Edit: nuria looked on log database and these fields are empty there as well so this table is OK

Empty event_token event_userBuckets

ServerSideAccountCreation_17719237

+-----------------+--------------------+----+-----------+-----------------+
|          webhost|                uuid|  dt|event_token|event_userBuckets|
+-----------------+--------------------+----+-----------+-----------------+
|www.mediawiki.org|71b24e6ea6c850d7a...|null|           |                 |
|www.mediawiki.org|ae5e00a2ba09530e8...|null|           |                 |
|www.mediawiki.org|73204f3c21e559f68...|null|           |                 |
|www.mediawiki.org|1d5ef461886f5d069...|null|           |                 |
|www.mediawiki.org|b47e28f8e2845d1c8...|null|           |                 |
|www.mediawiki.org|b074061ce0e259bda...|null|           |                 |
|www.mediawiki.org|553c3b6bd13c58419...|null|           |                 |
|www.mediawiki.org|e6abc691daab5c378...|null|           |                 |
|www.mediawiki.org|787de163665357cba...|null|           |                 |
|www.mediawiki.org|bc571da7196052cbb...|null|           |                 |
+-----------------+--------------------+----+-----------+-----------------+

nuria looked on log database and these two columns are also empty so this table is OK

PageContentSaveComplete_5588433 userAgent column is null that might be actually correct but let's check it out

Edit: userAgent column on that table is null, so it seems this schema is correct

MobileWikiAppArticleSuggestions_10590869_15423246 event_pageTitle is null

Edit: event_pageTitle is null also in the original schema so it seems this schema is correct

I just did some spot checking, we probably need to take a look at these to see if these are issues and if so, if they can be fixed globally (cc @Milimetric )

Some comments:

We do not need to scoop the following tables as that data exists on events database and mediawiki_history, let's remove them from the backup directory.
... [everything like /wmf/data/archive/backup/mysql/eventlogging-all-old-tables/sqoop-import-log-mediawiki_page_*]

Done

@Nuria it seems to me all the other issues you found are not issues? I had looked at null columns too to make sure they match the source and I didn't find any problems. So we can call the data good and move on as far as I can tell?

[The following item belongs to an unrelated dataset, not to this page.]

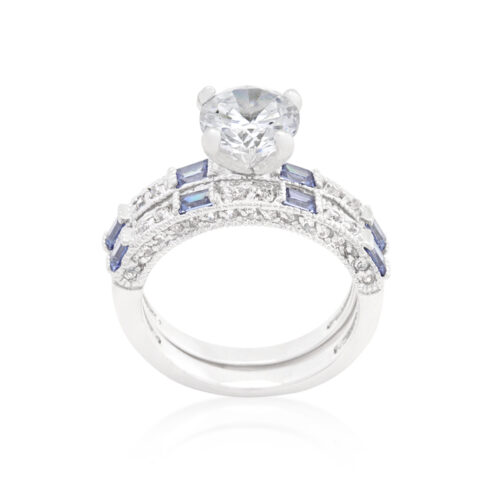 Clear and Tanzanite Cubic Zirconia Ring Set

Once we agree on proceeding, I'll probably reimage db1108 to Buster wiping all the data to start fresh, keep it in mind before giving me the green light :) (we do have a backup on HDFS though).

Spot checked also TaskRecommendation_9266319, WikimediaBlogVisit_5308166, ServerSideAccountCreation_17706338, QuickSurveysResponses_15266417, UploadWizardStep_18973101

I think we can call the export good (yay!) and move on with decomissioning machine, thanks @Milimetric for the ALWAYS FUN scoop work

This one wasn't bad! If we ever need to sqoop a bunch of tables, the python script I wrote should be almost-generic. Basically, it seems we had already caught all the edge cases with our other sqoop work. Applying all of them at once, generically to the schemas as read from INFORMATION_SCHEMA seems to just work.

@Nuria @Milimetric do I have the green light to wipe db1108 and reimage it to Buster? I'll then apply the new config to become our backup db node.